Project Cost Management often puts people off. It feels complicated and has the mystical air of mathematical magic and wizardry. But there’s little your project sponsor, your client, or their Finance Director care about more than your budget and how closely you can stick to it.
Project Cost Over-runs are Common.
But this is not a cause for a defeatist attitude.
No. Instead, you must act with determination to understand project cost management and implement all the tools at your disposal to control costs and bring in your expenditure on budget.
When Project Cost Management is Essential
We know that projects have different priorities – best understood through the Iron Triangle of time, cost, and quality. Some projects are all about delivering your scope to an absolute set of quality standards. And others have an absolutely firm deadline that makes schedule their essential priority.
But, for some projects, quality can flex a little, and timescales can slip if they must. What is not negotiable is the budget. Once set, you must respect it, and deliver to it.
So, in this feature article, we’ll look at:
- What project cost management is
- Your ‘Project Cost Management Plan’
- Establishing your costs – the processes of estimating and budgeting
- The governance considerations for project cost management
- Monitoring and controlling project expenditure
- Tailoring your project cost management process
Watch a Video instead
What is Project Cost Management?
Project Cost Management is a process that has two principle components:
- Estimating and Planning costs and creating a project budget from them
- Monitoring and Controlling project expenditure to adhere to your budget
These components appear in whatever methodology or approach you choose for your project. However, the extent to which you will apply them can vary. For example, many Agile Project Management approaches take a very ‘light-touch’ approach to cost estimating and planning.
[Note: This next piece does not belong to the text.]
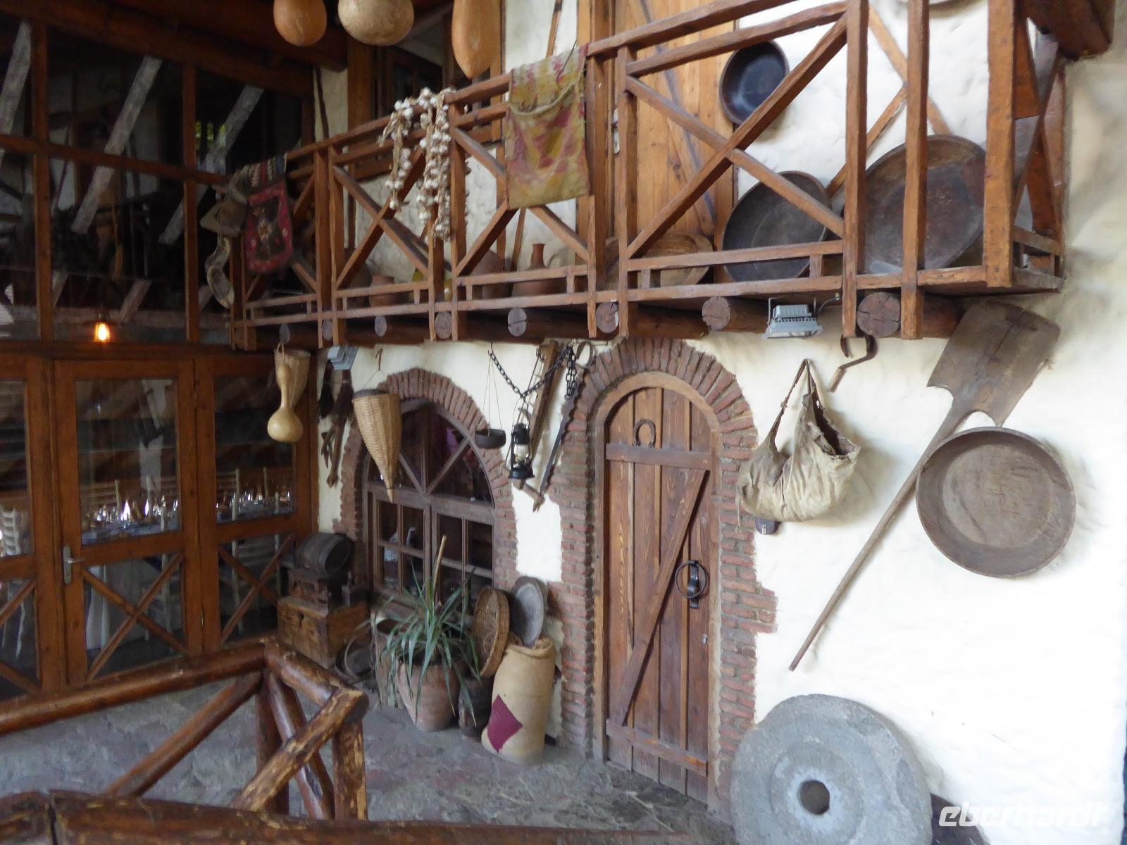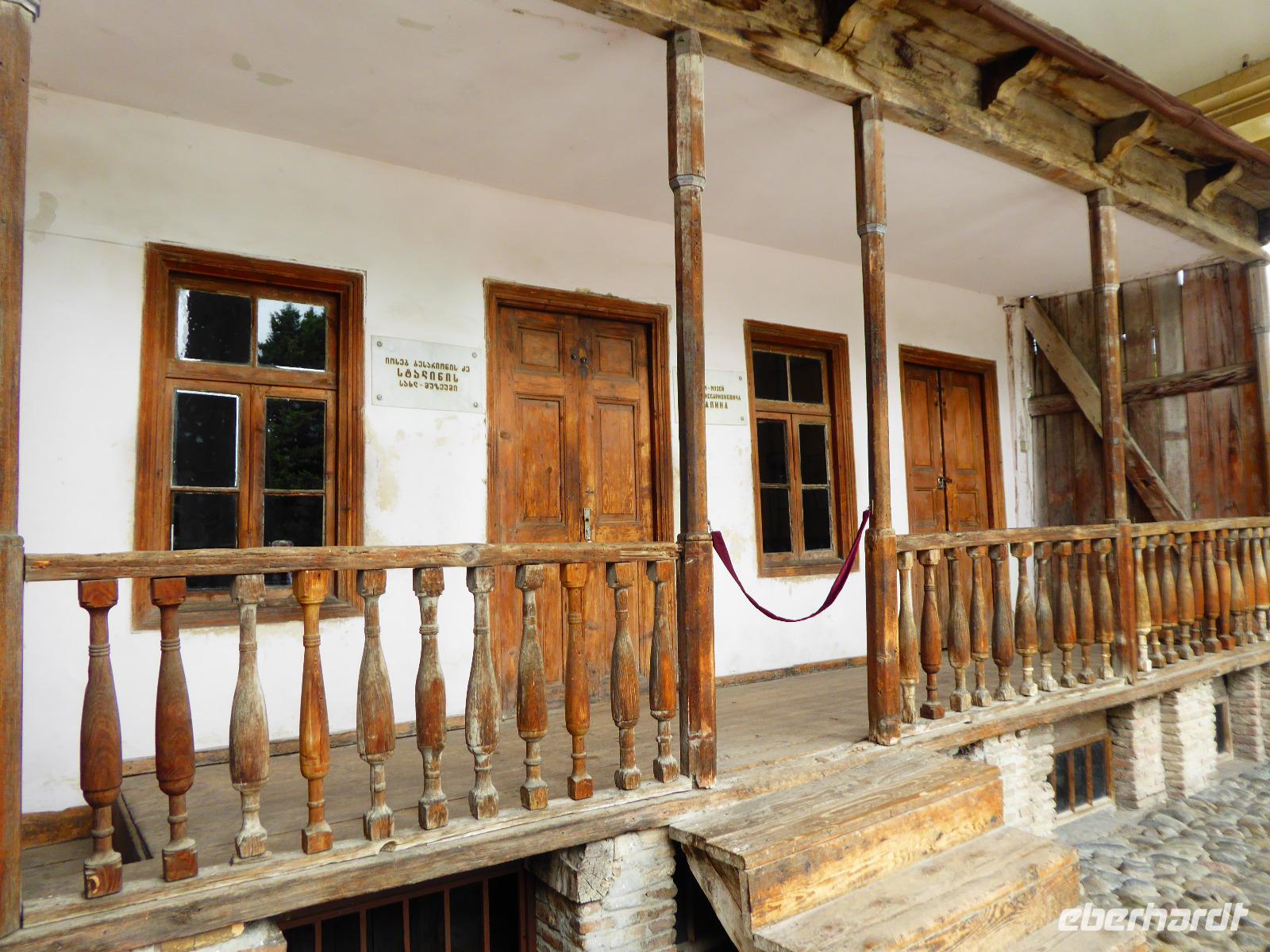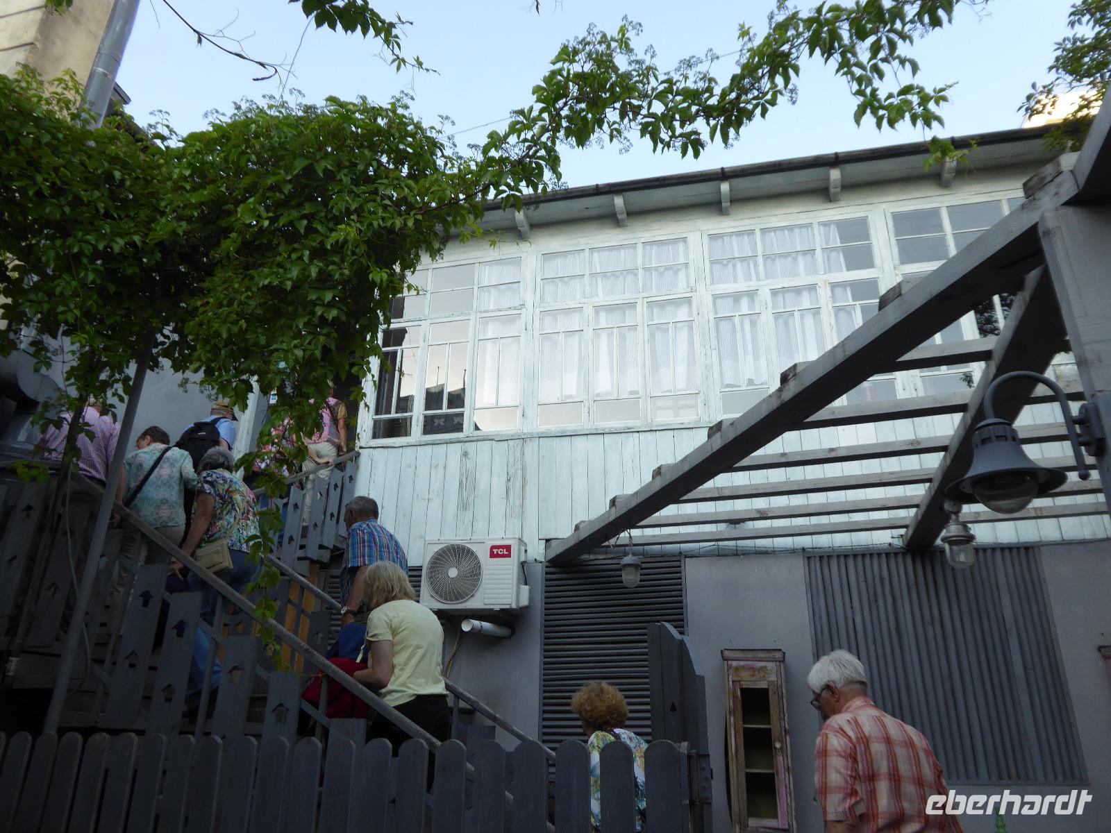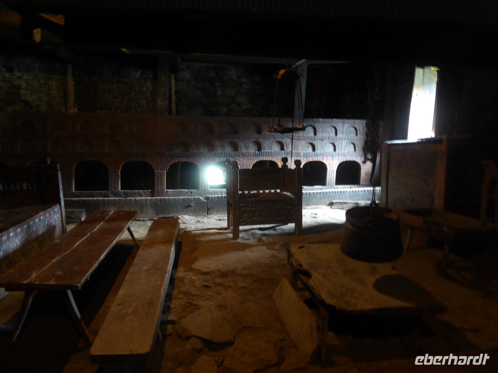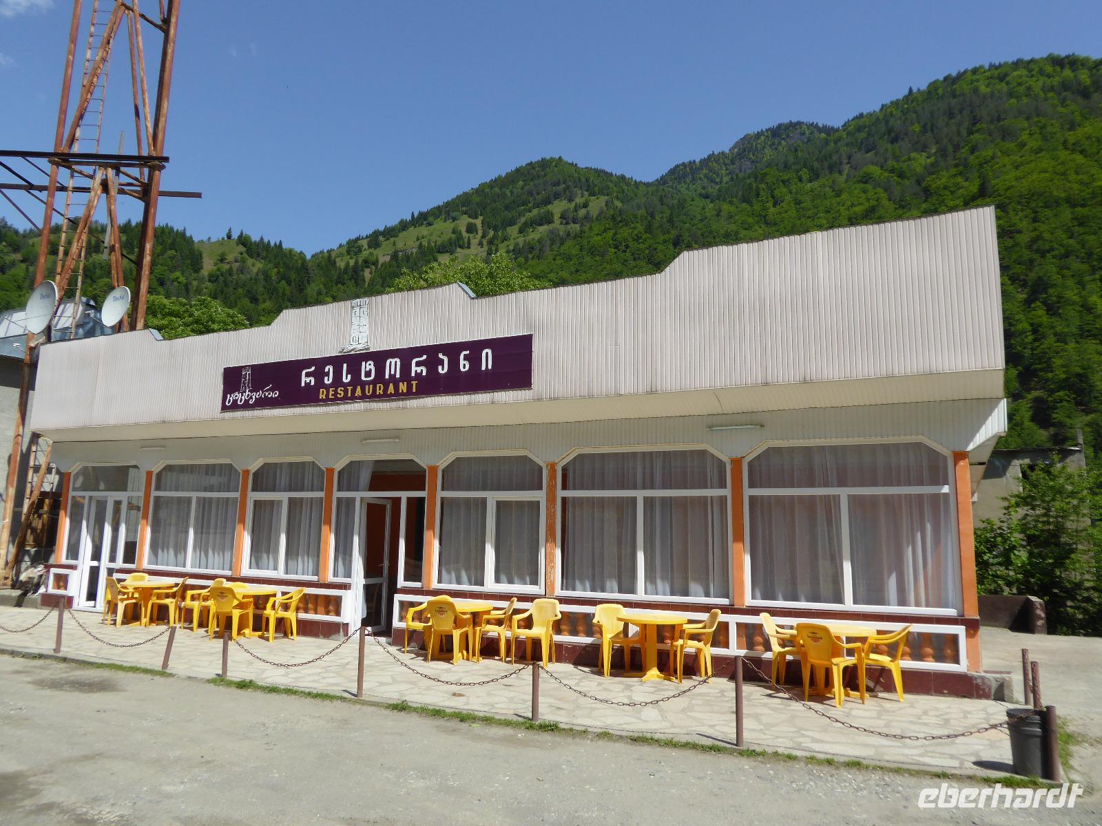 Nach dem Frühstück fahren wir zum Queen-Tamar Flughafen. Das futuristische Flughafengebäude passt so gar nicht zu den mittelalterlichen Türmen, die die Region prägen. Oder doch? Das Projekt stammt von einem Berliner Architekten namens Jürgen Mayer und wurde 2010 gebaut. Anschließend fahren wir zum Museum, das an das Leben, den Ruhm und den Tod des Bergsteigers Chergiani erinnert. Außer uns ist hier eine Gruppe einheimischer Jugendlicher unterwegs, die auf den Spuren ihrer georgischen Geschichte wandeln. Nach ihnen dürfen wir hinein. Im ersten Raum befinden sich einige Glasvitrinen, die das Leben des berühmten, 1968 verunglückten, Bergsteigers Chergiani schildern. Geführt werden wir erst von Natja und dann von einem Georgier. Moment mal, den kenne ich doch. Das ist doch der Neffe vom Chergiani. Dieses Mal traue ich mich, zu fragen, ob er sich mit mir fotografieren lässt. Wow :-), das gefällt mir. Nun fahren wir zum Matschubi-Museum. Ich erinnere mich, dass es auf dem Weg eine kleine Bude gibt, wo wir svanetisches Kräutersalz kaufen können. Dem ist auch so. Ein steiler Weg führt hierher und bis zum Museum. Ein Matschubi ist ein (ur-) altes svanisches Wohnhaus. In der Mitte befindet sich eine Feuerstelle. An dieser gibt es eine Art Thron, ein Holzsessel, auf dem nur der Familienälteste Platz nehmen durfte. Ringsherum sind Holzgestelle, in deren unteren Teil das Vieh untergebracht war und im oberen Teil die Menschen schliefen. Im gleichen Raum wurde auch gekocht und gegessen und sonst noch was. Mehrere Monate im Winter verbrachten die Familien hier. Wir gehen auch noch in den Keller, wo Vorräte sowie Wein und Honig gelagert wurden. Hier ist es dunkel und kalt. Nachdem wir das Matschubi verlassen haben, wartet ein weiteres Abenteuer auf uns. Wir besteigen einen Wehrturm. Drinnen ist es stockduster und man muss mehrere Barrieren überwinden, ehe man von einer Etage auf die andere kommt. So konnten sich die Svanen vor Angreifern schützen. Für uns ist es eine abenteuerliche Kletterpartie. Nun ist der Vormittag vorbei und wir wollen mit dem Sessellift auf den Zuruldi-Berg fahren, um dort die schöne Aussicht zu genießen und etwas zum Mittag zu essen. Es beginnt zu regnen. Noch sind wir optimistisch und fest entschlossen, unseren Plan umzusetzen. Wir fahren acht Kilometer nach Hatsvali. Inzwischen regnet es schon mehr. Natia und ich erkunden die Lage. Keine Chance. Es ist nicht erlaubt und wäre auch unvernünftig, jetzt mit dem Sessellift zu fahren. Also kehren wir um. Wir fahren ins Zentrum von Mestia und kehren im Café Laila ein. Wir probieren verschiedene georgische Gerichte, wie Suppen und fleischgefüllte Teigtaschen. Es ist gemütlich hier. Es regnet immer noch. Der Tag ist noch jung und wir fahren nun ins Historische Museum von Mestia. Hier sind neben alten Münzen und Speerspitzen, wertvolle Ikonen und Bücher zu bewundern. Es ist 15 Uhr. Immer noch zu früh, ins Hotel zu fahren. Natia macht eine Kirche ausfindig, in der es wertvolle Fresken zu sehen gibt. Es ist die Prophet Jonah Kirche in einem Ort vor Mestia (Lapatli). Vor dem Kirchlein haben sich ein paar tief schwarz gekleidete Frauen getroffen und bereiten ein Mahl vor. Diesen traurigen Grund möchten wir lieber nicht wissen. Das Kirchlein ist ziemlich mitgenommen, von den wertvollen Wandmalereien ist kaum etwas zu sehen. Außerdem sieht sie irgendwie verräuchert aus. Auf Nachfrage erfahren wir, dass hier Fleisch zubereitet wurde. Nun ja, auch alle Gläubigen müssen irgendwann etwas essen. Endlich hat es aufgehört zu regnen. Wir fahren zurück nach Mestia und verbringen dort eine Stunde Freizeit. Hätten wir gewusst, dass es erst 20 Uhr Abendessen gibt, hätten wir auch noch länger bleiben können.

All Major Project Management Approaches should Tackle Project Cost Management
The Project Management Institute’s (PMI’s) Project Management Body of Knowledge (the PMBOK Guide) has long had Project Cost Management as one of its ten Knowledge Areas (or KAs). It was one of the original 9 KAs in the first edition. That may change with the publication of the 7th Edition of the PMBOK Guide.
The 7th Edition of the APM Body of Knowledge is more of a pointer to what you need to learn, than a reference source. But, at Section 4.8.2, we find Cost Planning. However, the APMBoK does largely skip the whole topic of cost control – save for a passing reference to Earned Value Management (EVM). More on EVM later.
With its strong focus on Project Governance, I find PRINCE2 shockingly and lamentably light on the topic of Cost Management. It appears in the guide of the first of the 7 PRNCE2 themes: Business Case. However, PRINCE2 has little to say about how to carry out financial and cost management. This is even to the extent of its absence from the glossary!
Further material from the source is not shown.